-
Notifications
You must be signed in to change notification settings - Fork 15.3k
Description
I am struggling to understand the logic behind the computation of the occupancy with respect to the LDS size for a given function, in particular how it fits in the overall occupancy computation for the function. In particular, it seems to me that there is a discrepancy in the meaning of the achievable occupancy number computed with respect to the number of used SGPRs/VGPRs as opposed to LDS size. Current implementation of GCNSubtarget::computeOccupancy pasted below for future reference.

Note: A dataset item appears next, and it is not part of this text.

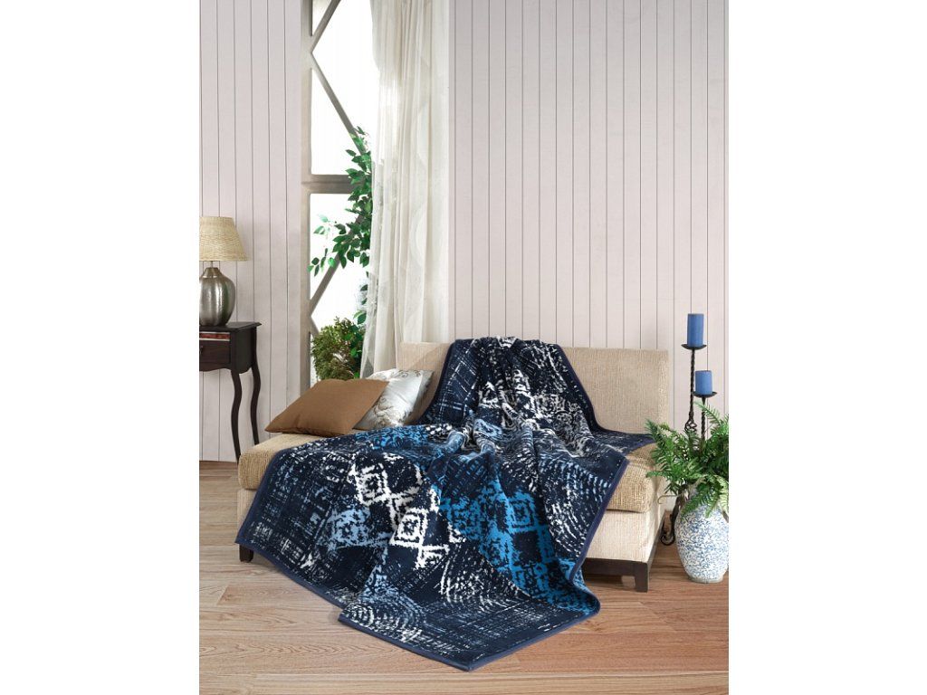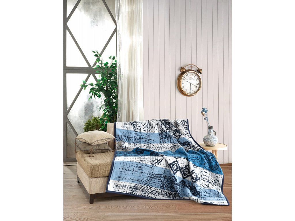 Luxuriöse Baumwolldecke mit dichtem Flor, warm und weich im Griff. Die neue Webrezeptur garantiert Leichtigkeit und hervorragende Atmungsaktivität. Die Decke Mareo wird zu einem einzigartigen Accessoire in Ihrem Zuhause und einem unverzichtbaren Begleiter für kühle Abende. Das moderne Muster mit einem Hauch von Ethnostil in einer Palette von Blautönen in Kombination mit Creme-Weiß verfeinert jeden jugendlichen Innenraum. Die Decke kann auch elegant als dekorative Überwurf verwendet werden. Die Decke, die mit einer invertierten Farbgestaltung glänzt, ist rundum mit farblich abgestimmter Einfassung versehen. Materialzusammensetzung: 60 % Baumwolle, 40 % Acryl Maße: 160/220 cm Gewicht: 450 g/m2 Die Decke kann bei 30 °C mit einem milden Waschmittel gewaschen werden.Zusätzliche Parameter

unsigned GCNSubtarget::computeOccupancy(const Function &F, unsigned LDSSize,
unsigned NumSGPRs,
unsigned NumVGPRs) const {
unsigned Occupancy =
std::min(getMaxWavesPerEU(), getOccupancyWithLocalMemSize(LDSSize, F));
if (NumSGPRs)
Occupancy = std::min(Occupancy, getOccupancyWithNumSGPRs(NumSGPRs));
if (NumVGPRs)
Occupancy = std::min(Occupancy, getOccupancyWithNumVGPRs(NumVGPRs));
return Occupancy;
}On gfx908 for example, getMaxWavesPerEU() == 10. If the number of SGPRs and VGPRs used in the function is low enough to support maximum occupancy, getOccupancyWithNumSGPRs(NumSGPRs) == getOccupancyWithNumVGPRs(NumVGPRs) == 10 as well, which makes sense to me. However, even if LDSSize == 0 (or any low enough number so that the LDS should not restrict occupancy), getOccupancyWithLocalMemSize(LDSSize, F) == 8, and as a consequence GCNSubtarget::computeOccupancy returns 8. This seems to be because getOccupancyWithLocalMemSize performs a semantically different calculation that the two other occupancy-computing methods (which as the FIXMEs in the method suggest is perhaps not the one we should do). I would have assumed that no or low LDS usage would return the same number as getMaxWavesPerEU().
I just wanted to check if I am missing something here or if there is indeed a problem in this context.